Figure 9 : Boucle régulatrice altérée chez le rongeur génétiquement obèse [60]
Ainsi la leptine, ou ses récepteurs, peuvent être impliqués, via des mutations, dans les obésités génétiques. Une mutation au niveau des récepteurs entraîne une obésité extrême par exemple. La mutation la plus fréquente est celle de la leptine elle-‐même qui entraîne la formation d’une leptine inefficiente.

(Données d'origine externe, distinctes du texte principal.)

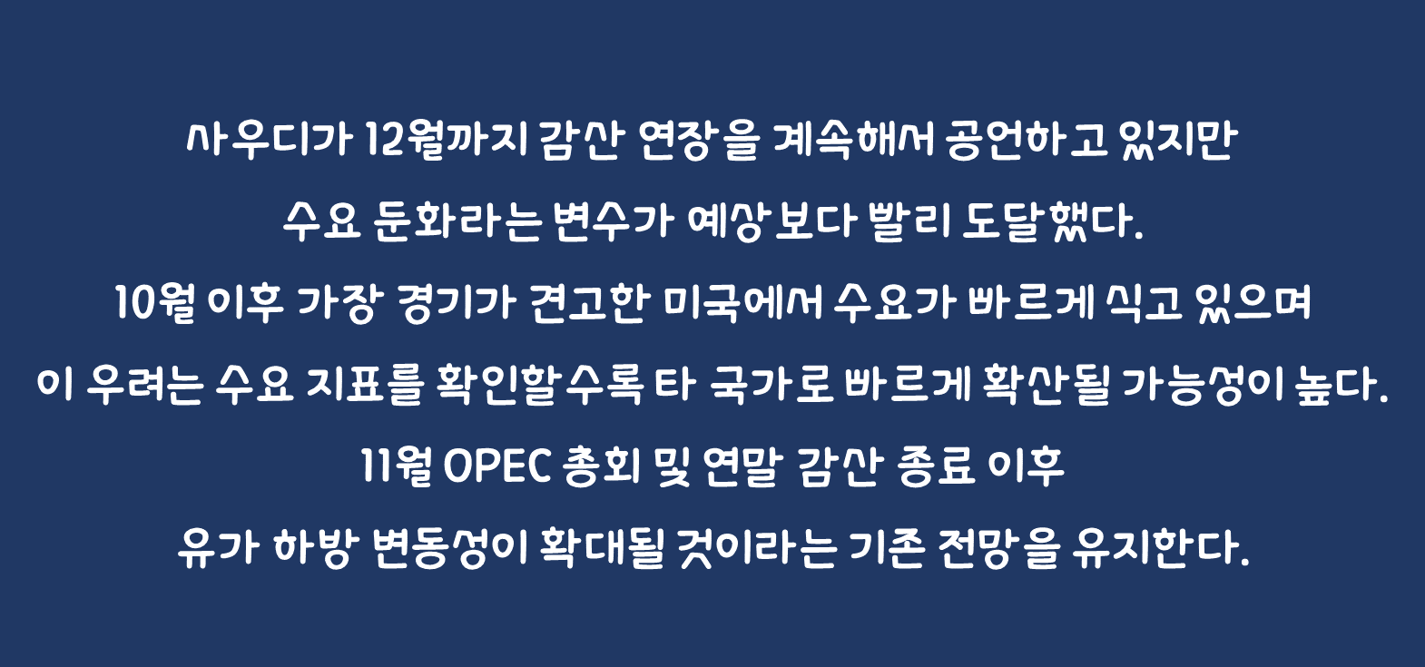 사우디가 12월까지 감산 연장을 계속해서 공언하고 있지만 수요 둔화라는 변수가 예상보다 빨리 도달했다. 카르텔 사업 환경에서 공급 조절 효과가 극대화될 수 있는 것은 수요가 견고할 때다. 하지만 10월 이후 가장 경기가 견고한 미국에서 수요가 빠르게 식고 있으며 이 우려는 수요 지표를 확인할수록 타 국가로 빠르게 확산될 가능성이 높다. 감산 계획이 바뀌지 않은 상황에서 수요 요인으로 이미 변동성이 확대된 유가는 공급 변화가 가미될 때 변동성을 더욱 키울 가능성이 있다. 11월 OPEC 총회 및 연말 감산 종료 이후 유가 하방 변동성이 확대될 것이라는 기존 전망을 유지한다.
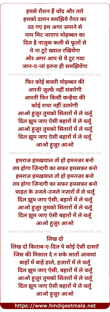 Lyrics of Aao Hujur Tumko Sitaaro Me Le Chalu - आओ हुजुर तुमको सितारों में ले चालू
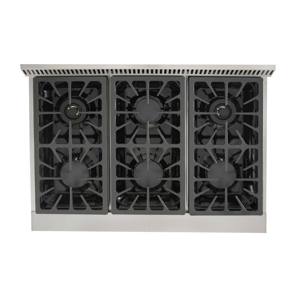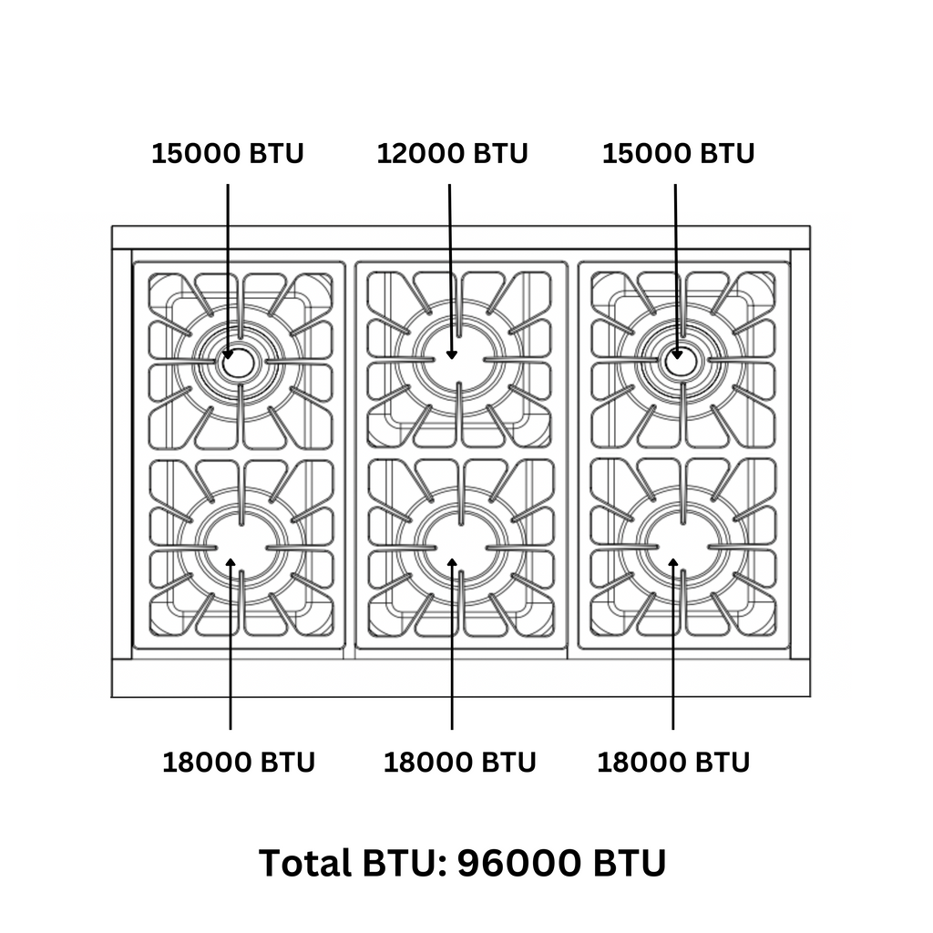 - 6 burner dual fuel gas range includes three 18,000 BTU burner, two 15,000 BTU dual burner with simmer and one 12,000 BTU burners
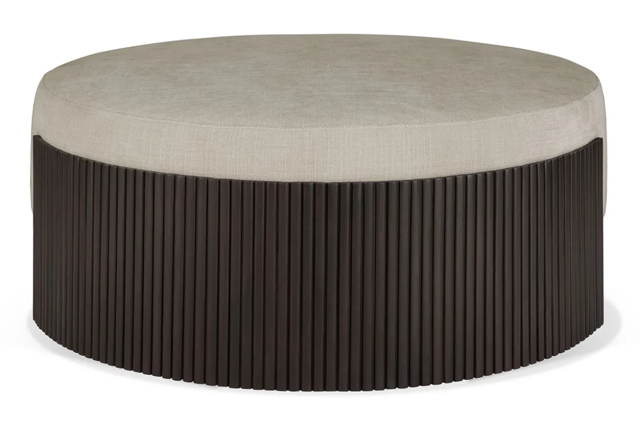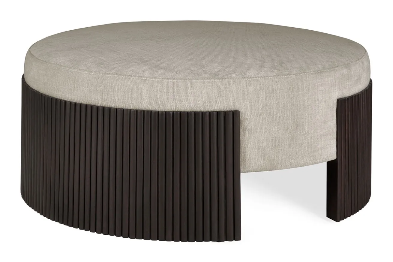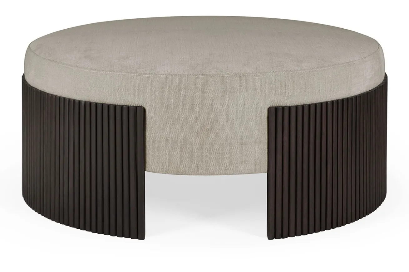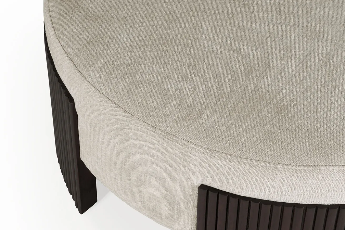 Pouf Roller Max Mahagoni braun D 85cm Die Kollektion Roller Max beeindruckt durch ihr Design, das sich durch seinen gestapelten Holzstab-Effekt auszeichnet. Der Sitzhocker ist ein multifunktionales Objekt, welches das bequeme Polsterkissen mit dunkelbraun lackiertem Mahagoni umschließt.

Elle serait responsable de 3% des obésités juvéniles
sévères, le taux de leptine n’étant pas modifié ce qui nécessite un test diagnostique génétique [63]. Dans de rare cas, on retrouve un taux de leptine effondré [64].
Cependant, bien que la leptine soit essentiellement considérée comme un stimulateur de la satiété et de la dépense énergétique agissant sur l'hypothalamus, il est récemment devenu clair que d'autres parties du cerveau régissant le plaisir de manger à jeun (circuit mésolimbique) étaient inhibées par la leptine [65]. Ces mécanismes, tout comme celui qui préside au maintien du surpoids, qui seront détaillés plus tard, seraient un trait conservé pour ses avantages pendant l'évolution : la leptine ferait maigrir en situation d'excès de lipides et entraînerait une augmentation de la prise alimentaire en situation d’appauvrissement [66].
Enfin, il existe une différence sexuée dans la sécrétion de leptine : à quantité de tissu sous-‐ cutané égale, les adipocytes de la femme sécrètent trois fois plus de leptine que ceux de l’homme.
La leptine joue donc un rôle majeur dans la régulation de la prise alimentaire de par la variation de son taux qui peut être diminué en cas de régime alimentaire [67] ou de tabagisme [68] et modifié dans un sens ou un autre par divers produits dont les médicaments.
L’utilisation thérapeutique de la leptine pour parvenir à une perte de poids pourrait donner des résultats prometteurs [69]. Il existe à ce jour un analogue synthétique de la leptine : la Metreleptine (MYALEPT®). Ce médicament a été testé dans certaines formes d’obésité avec un déficit important en leptine chez l’enfant [70] ou chez l’adulte [71].